• Data:
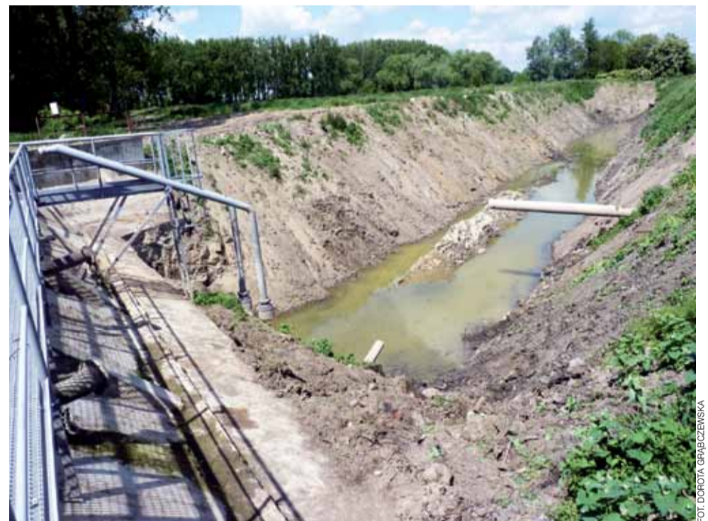
Kilka dni temu Cukrownia Dobrzelin wyczyściła z mułu zbiornik retencyjny, z którego czerpie wodę w czasie kampanii cukrowniczej.

To wszystko jest konieczne, by zminimalizować ryzyko zakażenia koronawirusem, a gdy ono wystąpi, by nie wyłączać całej produkcji wysyłając ludzi na kwarantannę. Nie możemy sobie pozwolić na zatrzymanie produkcji w czasie kampanii cukrowniczej, stąd te środki ostrożności, które wprowadzamy – dodaje dyrektor. dag
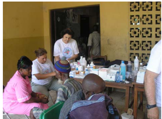
Ιατρείο στη Σιέρα Λεόνε
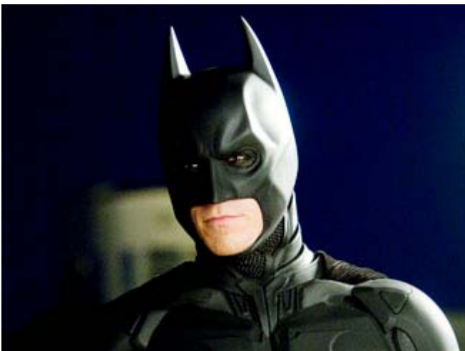
Batman - The Dark Knight

Le film Batman, The Dark Knight , est arrivé en ville. Il s'agit du 6e film depuis l'arrivée du justicier
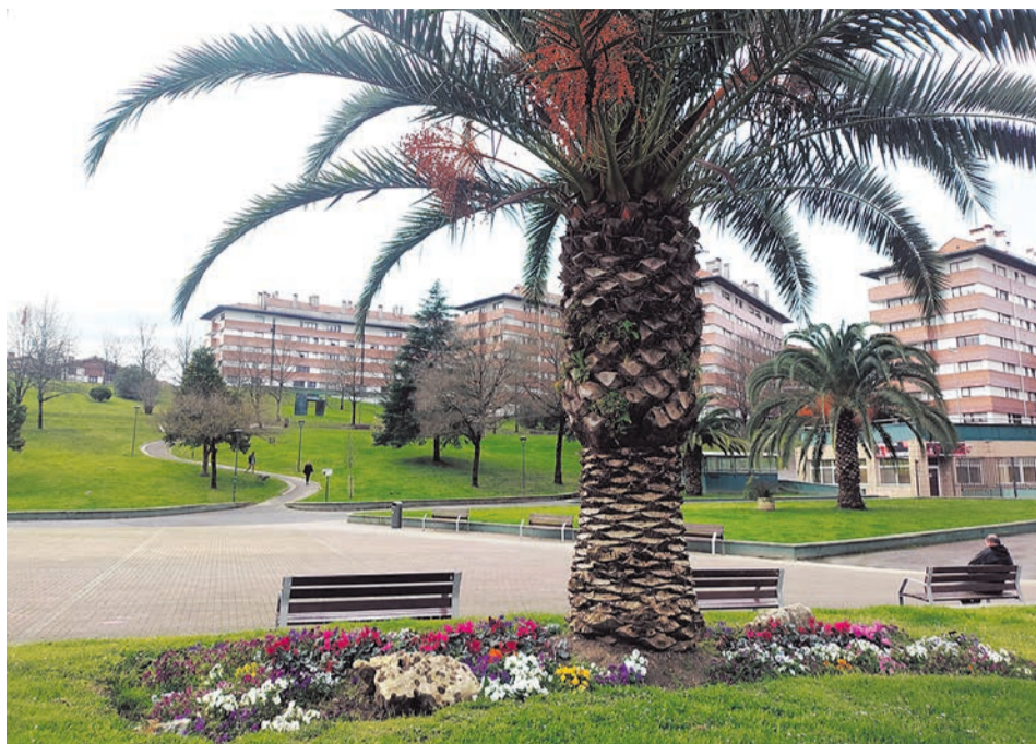
Los recorridos se llevan a cabo por los parques de Galdakao.

Azaroan, Galdakaoko Udalak, Agirre Lehendakaria Centerrekin (ALC) eta tokiko hainbat eragilerekin lankidetzan, Galdakao Zeugaz proiektua aurkeztu zuen, udalerriko Foro Soziosanitariotik sortutako ekimen komunitario aitzindaria. Proiektuak zainketak erdigunean jartzen ditu, ongizate-eredu berriak sustatuz eta herritarren parte-hartzea eta eragileen arteko lankidetzak sustatuz. Testu-guru horretan kokatzen da mendekotasun-egoeran dauden pertsonen zaintzaileei zuzendutako Zainduz programa. Egiten dituen jardueren artean, erizaintzako oinarritzako zaintzari buruzko tailerrak eta heriotzari buruzko hitzaldiak daude, besteak beste.
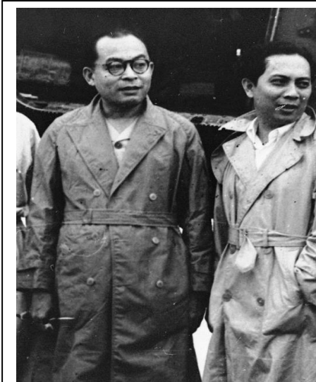
Gambar : Mohammad Hatta dan Sjahrir, dua tokoh yang berperan besar dalam PNI-Baru

• Your goal:
Give the count of lines containing the word "Dark" in the listing, and no other text.

• Output for this exercise:
2